Looking forward in the HER2-positive space, early-stage treatment should focus not just on de-escalation but treatment optimization. This includes determining whether de-escalation can be guided by treatment response using ctDNA, imaging, or genomic testing, and identifying opportunities to escalate with T-DXd or other therapies when response is lacking.

In the adjuvant setting for patients with residual disease, T-DXd may provide a new option, potentially for highest risk patients or those who received escalated treatment upfront. In the metastatic setting, the key question involves applying DESTINY-Breast09 results given the absence of data for an induction regimen with T-DXd followed by maintenance. Guidance is anticipated from the DENVER study investigating this approach.

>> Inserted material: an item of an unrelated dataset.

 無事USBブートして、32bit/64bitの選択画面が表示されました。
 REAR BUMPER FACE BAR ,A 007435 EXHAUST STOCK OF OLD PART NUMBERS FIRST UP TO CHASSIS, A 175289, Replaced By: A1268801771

Current Treatment Algorithms

Current practice for very early-stage HER2-positive disease continues using the APT regimen of adjuvant taxane with trastuzumab. In the neoadjuvant setting, TCHP remains standard for stage 2 and stage 3 disease, though opportunity exists to de-escalate carboplatin if patients experience significant treatment toxicities. In the adjuvant setting for patients with residual disease, T-DM1 remains standard of care, but a future role for T-DXd may emerge for the highest risk group.

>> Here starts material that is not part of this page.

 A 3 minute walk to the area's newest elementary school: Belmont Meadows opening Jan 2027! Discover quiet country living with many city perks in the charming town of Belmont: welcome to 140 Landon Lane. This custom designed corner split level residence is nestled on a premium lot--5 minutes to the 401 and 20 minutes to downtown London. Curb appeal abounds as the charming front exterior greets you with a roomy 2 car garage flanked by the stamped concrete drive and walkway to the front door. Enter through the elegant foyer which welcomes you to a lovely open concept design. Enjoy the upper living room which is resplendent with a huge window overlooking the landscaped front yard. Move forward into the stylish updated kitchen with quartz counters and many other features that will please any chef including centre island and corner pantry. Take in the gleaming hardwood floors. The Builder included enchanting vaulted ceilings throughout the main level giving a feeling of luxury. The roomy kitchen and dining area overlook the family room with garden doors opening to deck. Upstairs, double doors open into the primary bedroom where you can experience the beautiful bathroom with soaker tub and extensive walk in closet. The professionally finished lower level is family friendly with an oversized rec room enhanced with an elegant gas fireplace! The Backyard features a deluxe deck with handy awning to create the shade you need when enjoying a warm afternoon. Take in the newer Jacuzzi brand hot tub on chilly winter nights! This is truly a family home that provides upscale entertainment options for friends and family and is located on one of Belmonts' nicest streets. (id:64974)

For metastatic patients in the first-line setting, treatment should be personalized. Highest risk patients with high visceral disease burden, quick relapse from early-stage treatment, or brain metastases should be considered for first-line T-DXd with pertuzumab. Patients with de novo metastatic disease, long survival, or oligometastatic disease may still benefit from the CLEOPATRA regimen, now with additional maintenance therapy options including tucatinib based on PATINA and HER2CLIMB-05.